El humor llora por la pérdida de Marcos Mundstock

Hijo inmigrantes europeos, Marcos Mundstock, nació en Santa Fe el 25 de mayo de 1942, luego de una varias conversaciones   familiares, sus padres  tomaron la decisión de trasladarse  a Buenos Aires en 1949 donde él desarrollaría su vida.

Tras pasar por varios intentos facultativos, en 1967  junto a Gerardo Masana, Jorge Maronna y Daniel Rabinovich formaron un grupo músico-humorístico “Les Luthiers”  sin  llegar a pensar que ofrecerían 7.563 presentaciones en más de 50 años de trayectoria. Entre tantos aplausos y reconocimientos podemos hacer mención a algunos de los premios que han recibido, entre los más destacados se encuentran: Premio “Enterprise” – “Martín Fierro” 1974, “Estrella de Mar”-“Sol de Plata” 1975, “Air France – Molière”  1989, “Maestros de las Artes – Mención de Honor”  1998, “Max Iberoamericano de las Artes Escénicas”  2001, “Argentores a la Trayectoria”  2003, “Clarín Espectáculos” 2005, “Encomienda de Número de la Orden de Isabel la Católica” 2007,  “Latin Grammy” 2011, “Princesa de Asturias” 2017, “Legado Instituto Cervantes” (Homenaje a Les Luthiers)  2019.

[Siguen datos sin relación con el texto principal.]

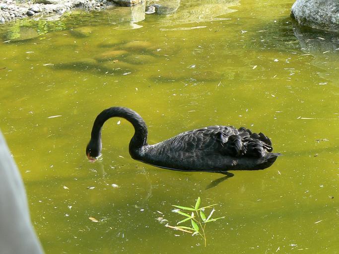 Keywords: Feeding black swan Cygnus atratus.JPG / black swan took the foto on the hamburg zoo 2006-08 LadyofHats Cygnus atratus captive swimming Birds at Tierpark Hagenbeck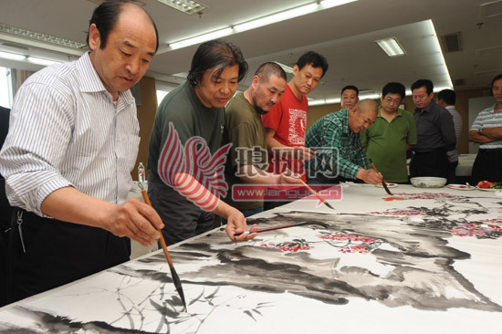笔会上数位画家集体创作巨幅国画《百花齐放》。

El humorista  tuvo su destacada participación  en el cine para la generación de los más jóvenes como para los más longevos. Sus actuaciones en “Quebracho”, “Roma”, “Mi primera boda”, entre otras acrecentaron su trayectoria. No solo actuó en películas sino que también hizo de voz para algunos personajes destacados en la traducción argenta como “Gusteau” en Ratatouille y de “Joey” en Bolt. De la misma forma con mucho éxito lo hizo en la TV en los programas donde él ha formado parte, como “Good Show” 1993, “Sorpresa y Media” 1996, “La Argentina de Tato” 1999, “Mosca y Smith 2204-2005, “Al Colon” 2006-2008,  “Los Cuentos de Fontanarrosa” 2007, “Recordando el Show de Alejandro Molina” 2011 y “Pasado de Copas” 2018.

Luego de un extenso tiempo de dar pelea a un Cáncer de Cerebro que lo había llevado a bajarse del escenario y acompañado de su familia, el reconocido Humorista  este miércoles 22 de abril cerró sus ojos hacia la eternidad.